Est-ce à dire que les femmes provoquent plus d’incendies que les hommes?
Pour ce qui est des sinistres provoquées par l’électroménager, les femmes arrivent en tête, car c’étaient souvent les seules à savoir cuisiner. Mais je rassure les dames: de manière générale, ce sont les hommes qui ont causé le plus grand nombre de sinistres. Parfois de manière vraiment naïve. J’ai retrouvé le cas d’un vieillard qui tentait de transvaser de l’essence d’un récipient à l’autre dans une grange. Précision de taille: il fumait le cigare et était aveugle. Le malheureux est malheureusement décédé de ses brûlures.
Quel est le type de bâtiment qui est le plus souvent la proie des flammes?
Entre 1831 et 1900, les fermes et les bâtiments agricoles représentent près du 70% des édifices incendiés. Entre 1900 et 1969, leur proportion passe à 45%. Les maisons qui ne constituaient que le 6% des sinistres au XIXe siècle, représentent 20% des incendies au XXe siècle.
Et qu’en est-il des incendies de villages et de villes?
Ils étaient relativement fréquents et extrêmement craints au XIXe. Ils ont progressivement disparu dès le début du XXe grâce à l’amélioration des constructions et de la prévention. Parmi les plus grandes catastrophes, on peut citer celles de Bulle (1805), Albeuve (1876), Broc (1890), Neirivue (1904) et Planfayon (1906). D’autres incendies d’une ampleur plus modeste ont dévasté Romont (1843, 1853, 1863), Morlon (1854), La Tour-de-Trême (1852) ou encore Chiètres (1881).
Les incendies à Fribourg entre 1831 et 1969 ont-il été de grands dévoreurs d’hommes?

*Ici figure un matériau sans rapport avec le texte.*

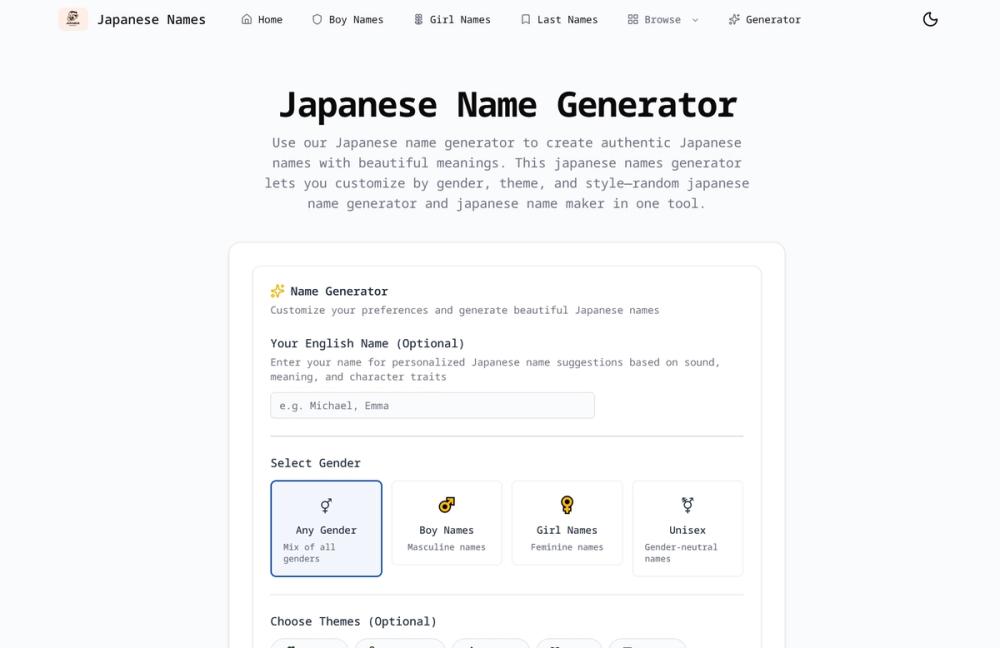 Japanese Names is a comprehensive online platform designed for discovering and understanding Japanese names. It offers an extensive database of over 3,000 first names and surnames, allowing users to search by meaning, gender, and kanji. The platform is built with a search-first approach, providing multiple entry points for users to find names that match their specific intent, whether it's for a new baby, a character in a story, or simply for cultural exploration.

Nous n’avons dénombré qu’une grosse vingtaine d’habitants qui sont décédés dans les flammes de leurs maisons. La plupart du temps, les gens ont en effet le temps de quitter leur domicile. Les décès sont plus élevés – une trentaine – parmi les pompiers et les civils qui prêtent leurs bras dans le feu de l’action. En tout, cela fait une cinquantaine de décès. Ce qui est relativement modeste par rapport aux 10000 cas recensés.